The carrying value of Kasamatsu’s total assets on December 31, 2002, using the current rate method of accounting for translations is:
A)
$3,573.
B)
$3,240.
C)
$5,360.



Under the current rate method, all balance sheet accounts, with the exception of equity, are translated at the current rate. At the current rate of 150 under the current rate method, the amount is: (486,000 + 50,000) / 150 = $3,573. (Study Session 6, LOS 24.d)

The yen has depreciated against the dollar in the last year. If the exchange rate in 2001 was in effect during 2002, under the current rate method the reported cost of goods sold would have been:
A)
higher by $287.
B)
lower by $333.
C)
higher by $333.



Under the current rate method, COGS is translated at the average rate in effect during the reporting period. Using the average exchange rate during 2002, COGS is calculated as 280,000 / 140 = $2,000. Using the average rate in effect during 2001 results in COGS of $2,333 (280,000 / 120), or $333 higher. (Study Session 6, LOS 24.d)

Jameson has prepared a report assessing the impact of the currency translation on Kasamatsu’s financial ratios. The details of his report are as follows:
  • Quick ratio: higher
  • Total asset turnover: higher
With respect to the direction of changes for the ratios, Jameson is:
A)
correct with respect to the quick ratio, but incorrect with respect to the total asset turnover ratio.
B)
incorrect with respect to the quick ratio, but correct with respect to the total asset turnover ratio.
C)
incorrect with respect to the quick ratio, and incorrect with respect to the total asset turnover ratio.



For the quick ratio, both current assets (with the exception of inventory) and current liabilities will be translated at the current rate. The ratio will be unchanged, so Jameson is incorrect with respect to this one.
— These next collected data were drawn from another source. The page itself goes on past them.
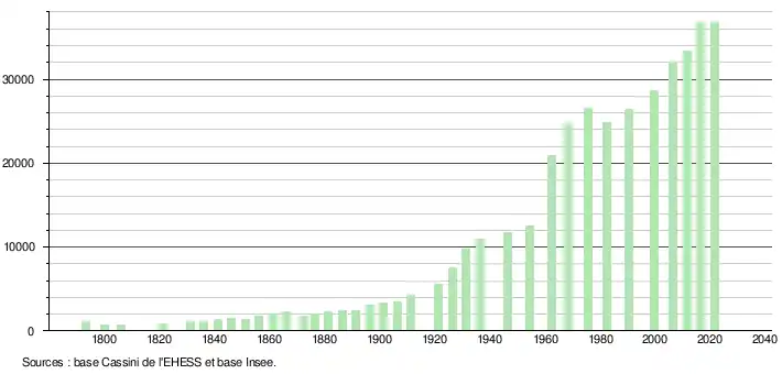 L'évolution du nombre d'habitants est connue à travers les recensements de la population effectués dans la commune depuis 1793. Pour les communes de plus de 10 000 habitants les recensements ont lieu chaque année à la suite d'une enquête par sondage auprès d'un échantillon d'adresses représentant 8 % de leurs logements, contrairement aux autres communes qui ont un recensement réel tous les cinq ans[36],[Note 3].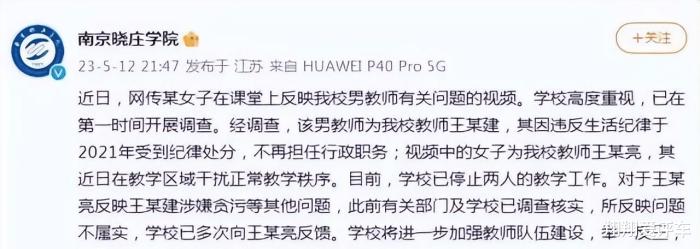 5月12日,南京晓庄学院发布通报:上课的男教师王某建,因违反生活纪律于2021年受到纪律处分,不再担任行政职务。女子也是该校老师,名王某亮。两人一起被停止教学工作。同时针对王某建涉嫌贪污等问题,学校已调查核实,情况不属实。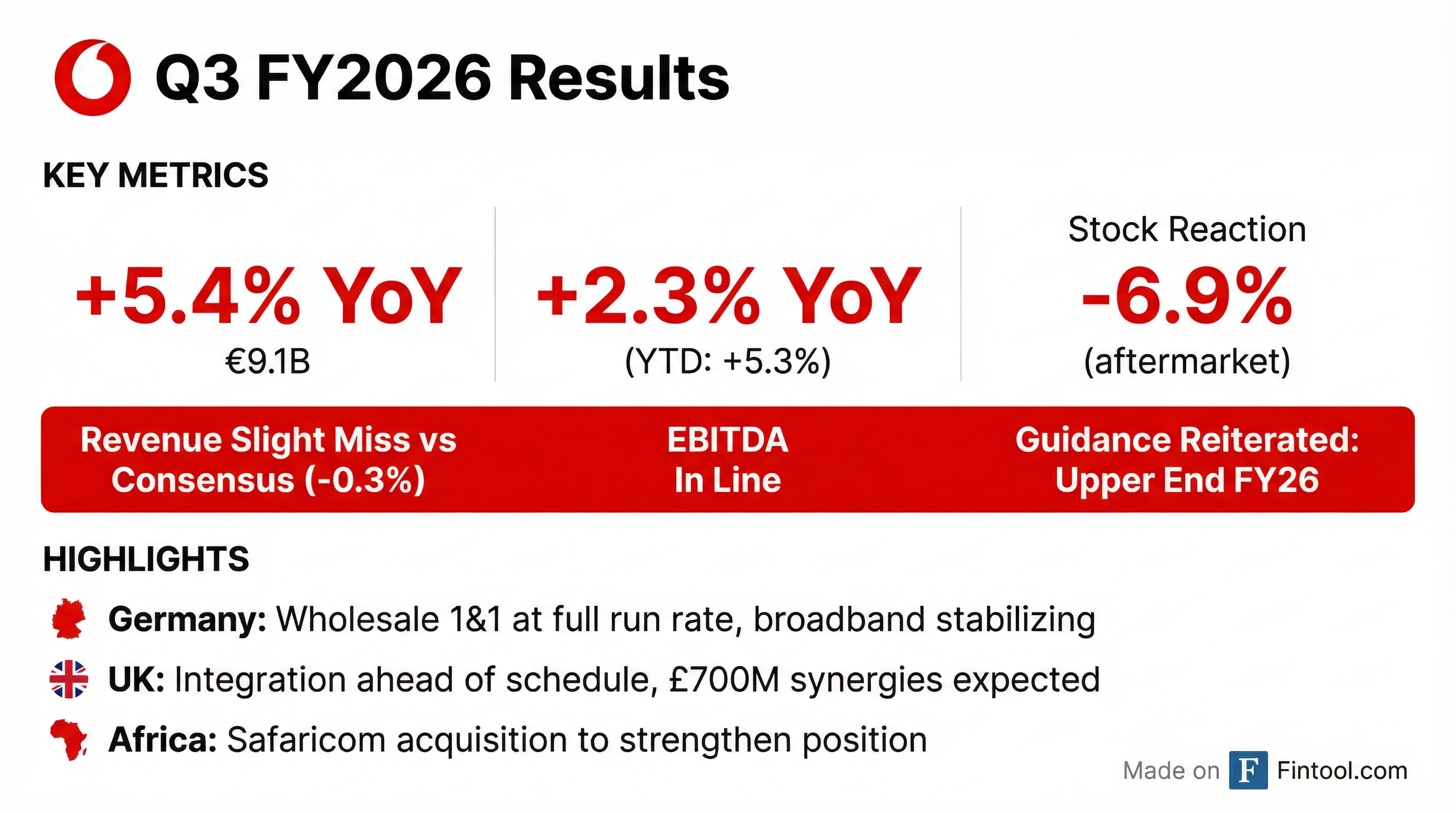 • Vodafone reported strong Q3 2026 results, with Group service revenue growing by 5.4% and Group EBITDA by 2.3%, and is on track to deliver the upper end of its FY 2026 guidance.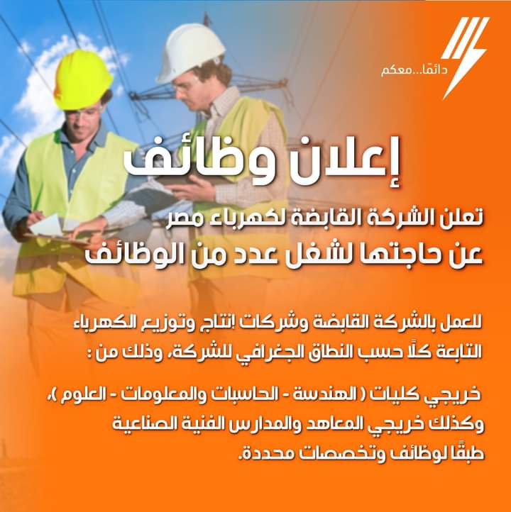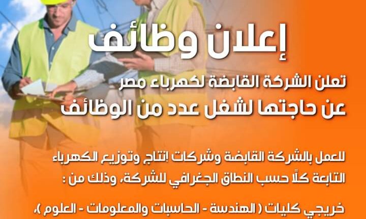 تعلن الشركة القابضة لكهرباء مصر عن حاجتها لشغل عدد من الوظائف للعمل بالشركة القابضة، وشركات إنتاج وتوزيع الكهرباء التابعة، كلًا حسب النطاق الجغرافي لكل شركة، وذلك من خريجى كليات الهندسة، والحاسبات والمعلومات، والعلوم، وكذلك خريجي المعاهد، والمدارس الفنية الصناعية، طبقا لعدد من التخصصات.
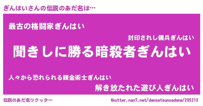 | 胡散臭い通販商品みたいなあだ名 | 『絶対に幸福をもたらす健康食品…その名も「ぎんはい」』 |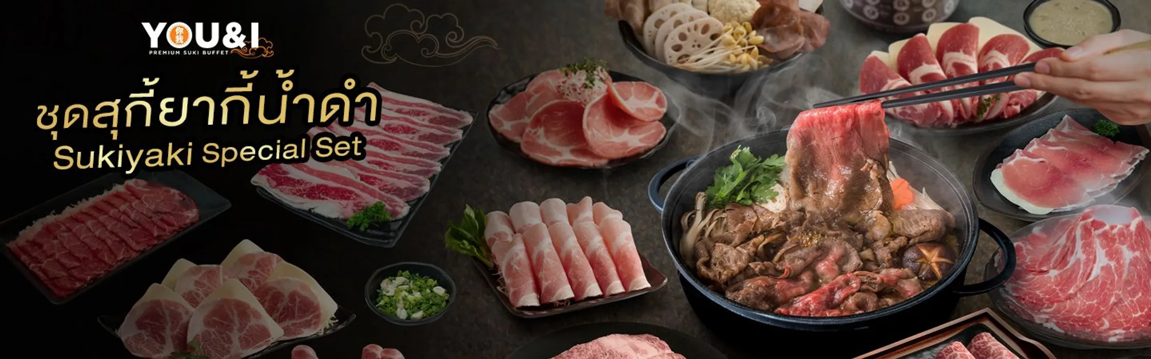 ราคาเต็ม 379 บาท ใหม่ !!! You and I ขอเสนอการทานอาหารแบบพร้อมทานไม่ต้องง้อไฟ โดยที่ส่วนประกอบทุกอย่างเป็นของสดเหมือนทานที่ร้าน คุณสามารถเลือกเป็น Kurobuta, WagyuBeef, กุ้งแม่นํ้ากับทะเล ที่ทำให้หม้อของคุณ อร่อย เข้มข้น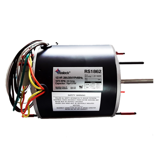 Air-Conditioning Condenser Fan Motor, 1/2 HP, 208-230V, 1Ph 60Hz, 1075 RPM, 2.8Amp.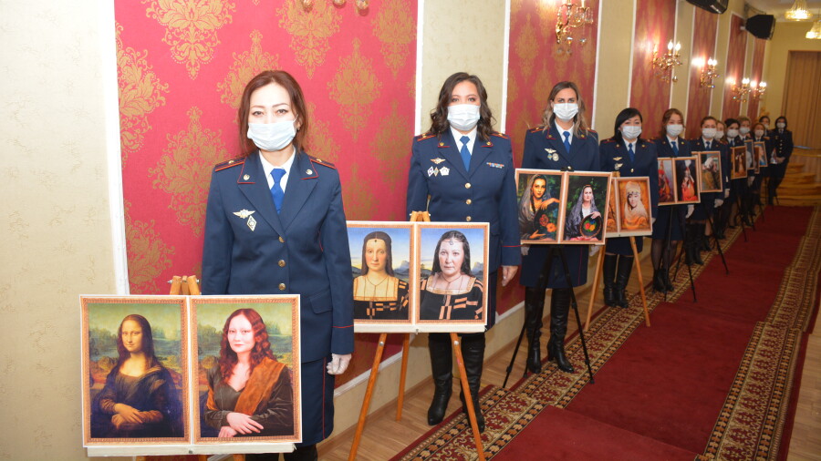 Старший инспектор ювенальной полиции Еркегуль Басыбаева сфотографировалась в образе Джоконды. Старший инспектор управления административной полиции Жанна Умбаева выбрала "Портрет Элизабет Гонзаго".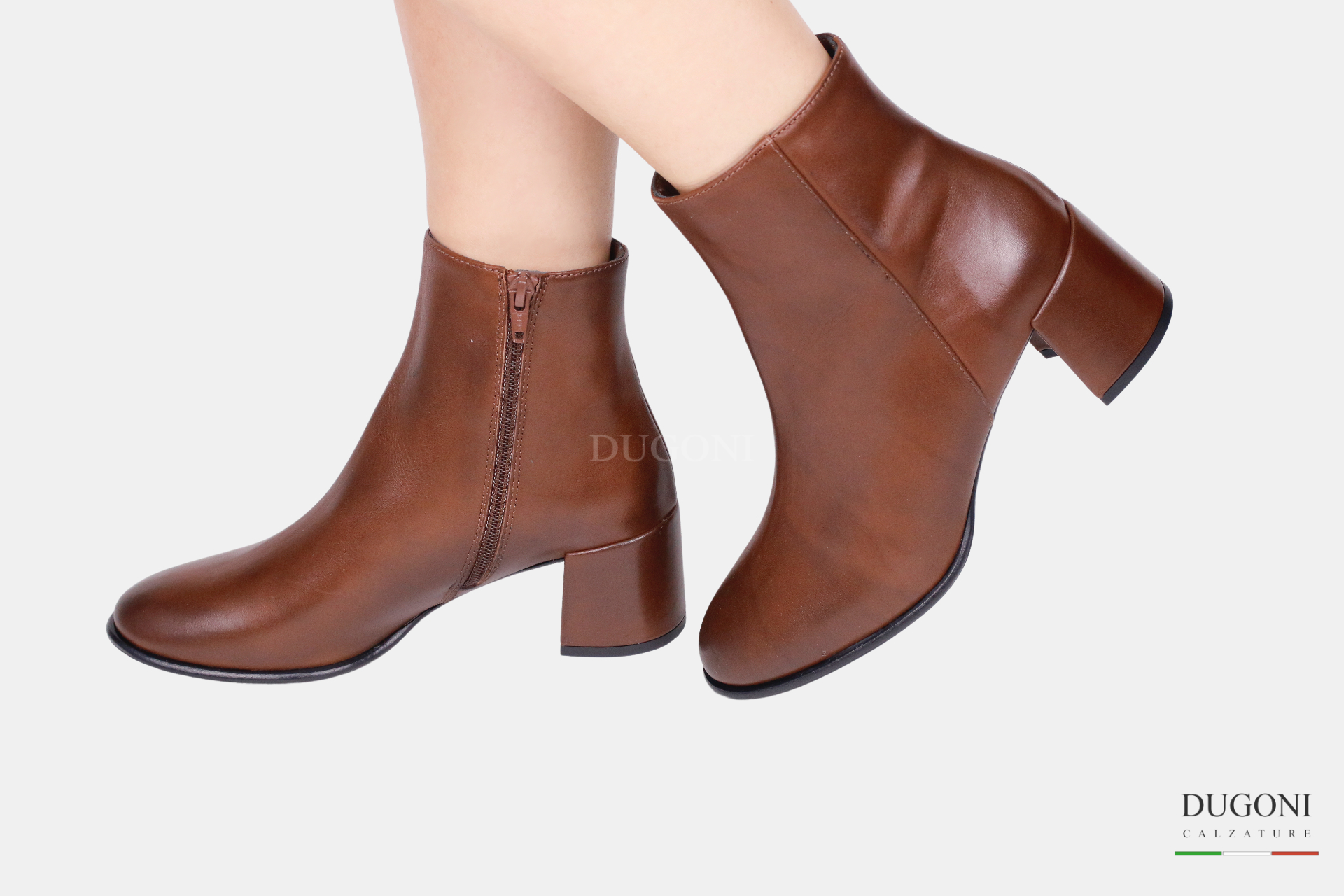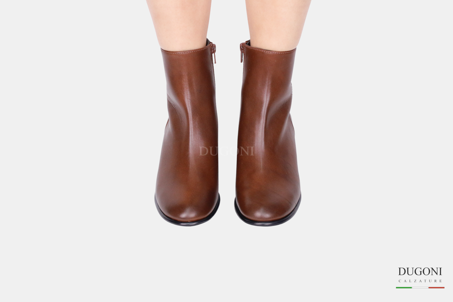 Tronchetto in pelle gange marrone, con cerniera interna. Tacco ricoperto in tinta , suola in gomma.

For the total asset turnover ratio, sales will be translated at the average rate, while assets will be translated at the current rate. Since the currency is depreciating, the rate used to translate sales will be higher than the rate used to translate assets, resulting in a higher total asset turnover ratio. Jameson is correct with respect to the direction of change for this one. (Study Session 6, LOS 24.d)

Having converted all of Kasamatsu’s accounts using the current rate methods, Jameson is curious to compare the difference between the temporal and current rate methods on balance sheet accounts. The difference in translated fixed assets and long term debt respectively if Jameson were to use the temporal method rather than the current rate method is:
Fixed AssetsLong-Term Debt
A)
$0$0
B)
$1620$0
C)
$1620$121


Fixed assets under the temporal method, are reported at historical translation rates. 486,000 / 100 = $4,860. Under current rate, fixed assets are translated at the current rate (486,000 / 150) = $3,240, a difference of $1,620.
Even though it is a balance sheet account, under the temporal method, long term debt is considered a monetary liability and is translated at the current rate. Under the current rate method, long-term debt is also translated at the current rate, so the difference between the two methods is $0. (Study Session 6, LOS 24.d)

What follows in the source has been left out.